Smart contracts are truly one of the most significant applications of blockchain technology. Not only can they enable transactions to become easily programmable, but they can also automate entire industry processes and significantly reduce transaction costs and times. However, as innovative as smart contracts are, there has been a long-standing battle as to which smart contract platform will become the most dominant.
Since its inception in 2014, Ethereum has maintained its crown as king of smart contracts. However, there has always been fierce competition from other blockchains such as Avalanche, EOS, and Solana just to name a few. And now, another smart contract platform has recently undergone another upgrade, which is closing the gap between Ethereum and its competitors.
On the 12th of September, Cardano underwent its Alonzo hard fork that introduced Plutus-powered smart contracts. This was a major milestone in the Cardano roadmap as it marked the day that smart contracts could officially go live. Now, developers can begin building a vast ecosystem of applications on the Cardano network that will hopefully rival the ecosystems of other smart contract platforms.
This is super important to the wider cryptocurrency industry because it creates a competitive market, which is one that typically benefits the consumers the most because competition naturally brings about innovation and improvement. An abundance of applications and ecosystems to explore would mean that users will not be shoehorned into using one network, much like the traditional gaming industry. Instead, users will choose to use the best network, which heavily incentivizes the different smart contract networks to continue to improve.

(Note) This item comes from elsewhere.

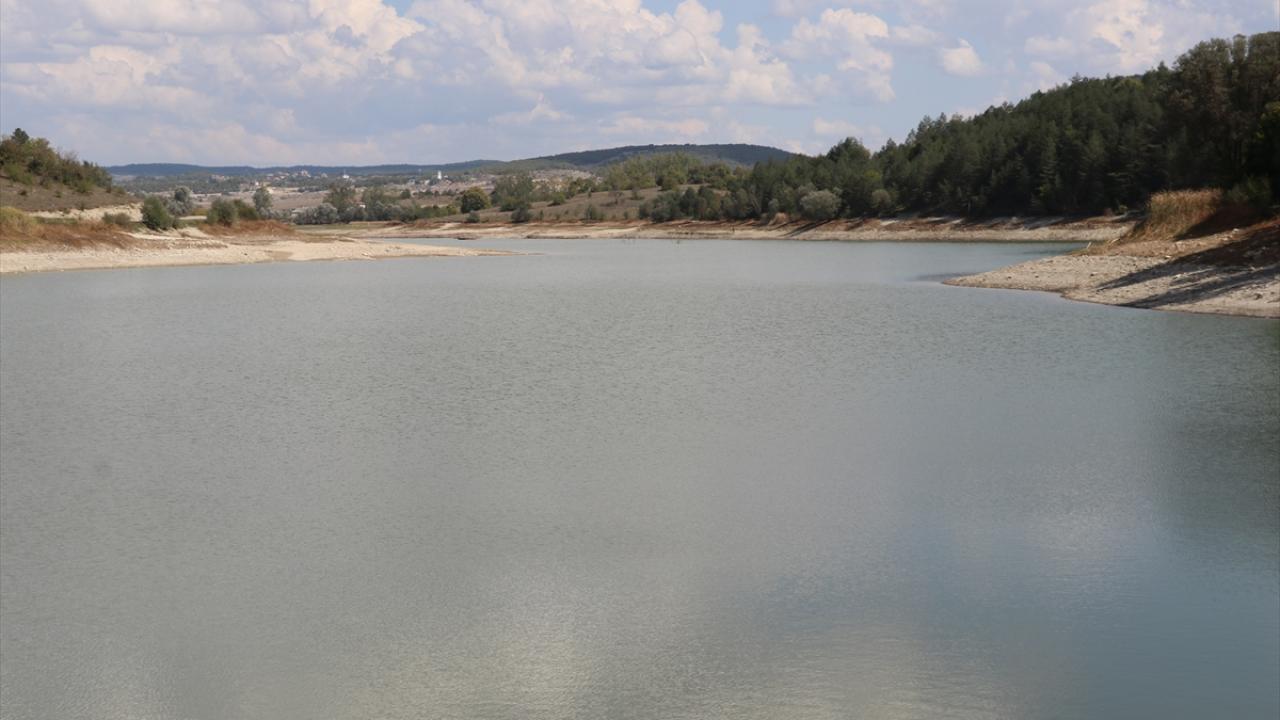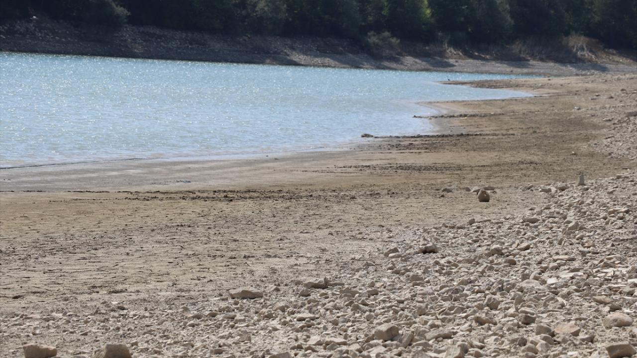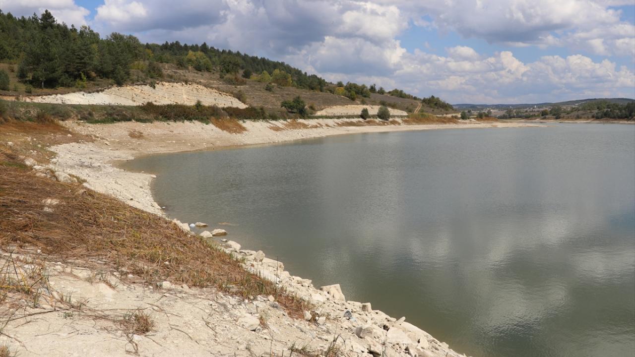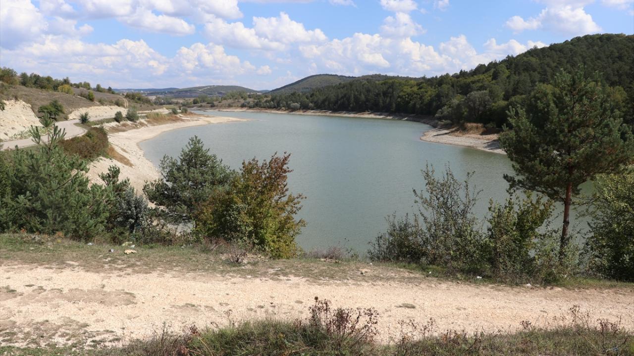 Vana değişimi için su seviyesi azaltılan gölet dronla görüntülendi.

For Cardano, the recent upgrade is a major achievement and a milestone that the team will be very proud of reaching. However, it’s crucial to remember that this is only the beginning of the Cardano smart contract era. What comes next is optimizing and scaling. Building a platform that is optimized for the creation of world-changing applications is Cardano’s number one priority and their Alonzo hard fork has caused the smart contract race to heat up.
For other smaller projects like Harmony and Fantom, the opportunity to catch up with the smart contract ‘big-boys is still there. Speculative investors are looking for the next big hit and users are waiting for an ecosystem of applications that are cheap, convenient and easy to use. This is partly why projects like Avalanche and Solana have seen such immense growth recently, with the former breaking all time highs in the past few weeks.
What these projects should be focusing on is building networks that are easy to build on, cheap to transact on and very, very fast all without compromising on security and decentralization. Ultimately, it’s these factors that’s most likely to influence the smart contract race. Getting developers on board is one thing, but building a platform that is capable of mass adoption is something completely different. Ethereum has shown that they can build an amazing ecosystem with amazing developers, building amazing applications. However Ethereum’s network gas fees completely invalidate the possibility of mass adoption. Even those who earn salaries significantly above global averages cannot afford to transact regularly on Ethereum and this is a big problem.
This is what presents the opportunity for other blockchains to stamp their mark on the industry. Attacking your enemies while their week is a battle-tested competitive strategy that has proven successful through centuries. If just a handful of these networks can continue to build serious Ethereum alternatives then the entire crypto industry will collectively see significant improvements.